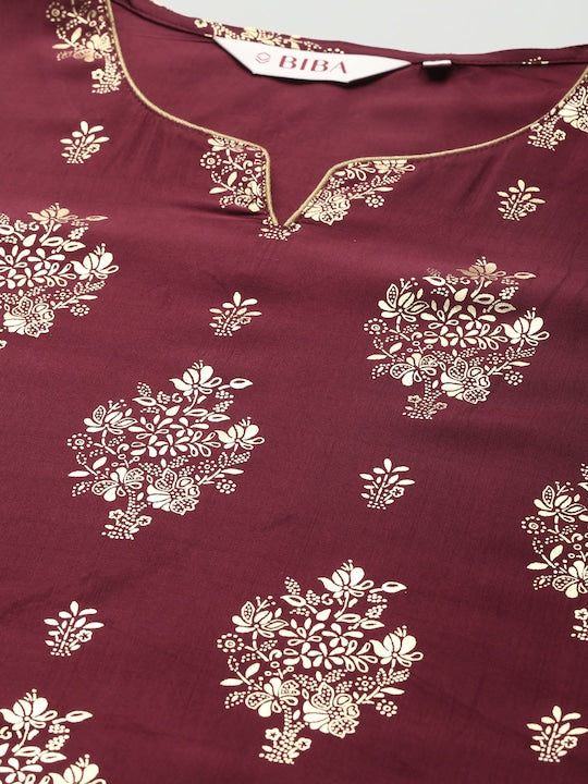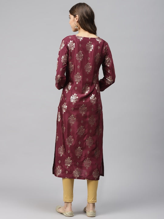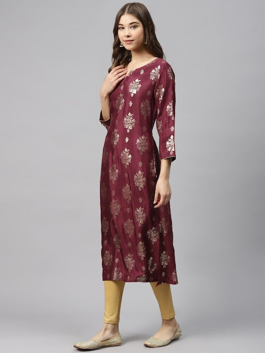 - Maroon and golden printed straight kurta, has a round neck, three-quarter sleeves, straight hem, and side slits
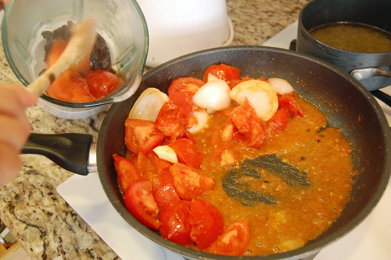 Hiérvelos junto con los jitomates, la cebolla y el ajo durante unos 6–10 minutos, hasta que todo esté cocinado.
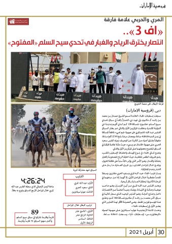 ساعة الزمن الإجمالي الذي سجله الفارس عبد الله السباق شهد مشاركة كبيرة فرحة الأبطال على منصة التتويج

WHAT THE EXERCISE ASKS: Nothing but the pictures is to be left out; the rest of the listing should be copied exactly.

SOLUTION BELOW:
 - Maroon and golden printed straight kurta, has a round neck, three-quarter sleeves, straight hem, and side slits
 Hiérvelos junto con los jitomates, la cebolla y el ajo durante unos 6–10 minutos, hasta que todo esté cocinado.
 ساعة الزمن الإجمالي الذي سجله الفارس عبد الله السباق شهد مشاركة كبيرة فرحة الأبطال على منصة التتويج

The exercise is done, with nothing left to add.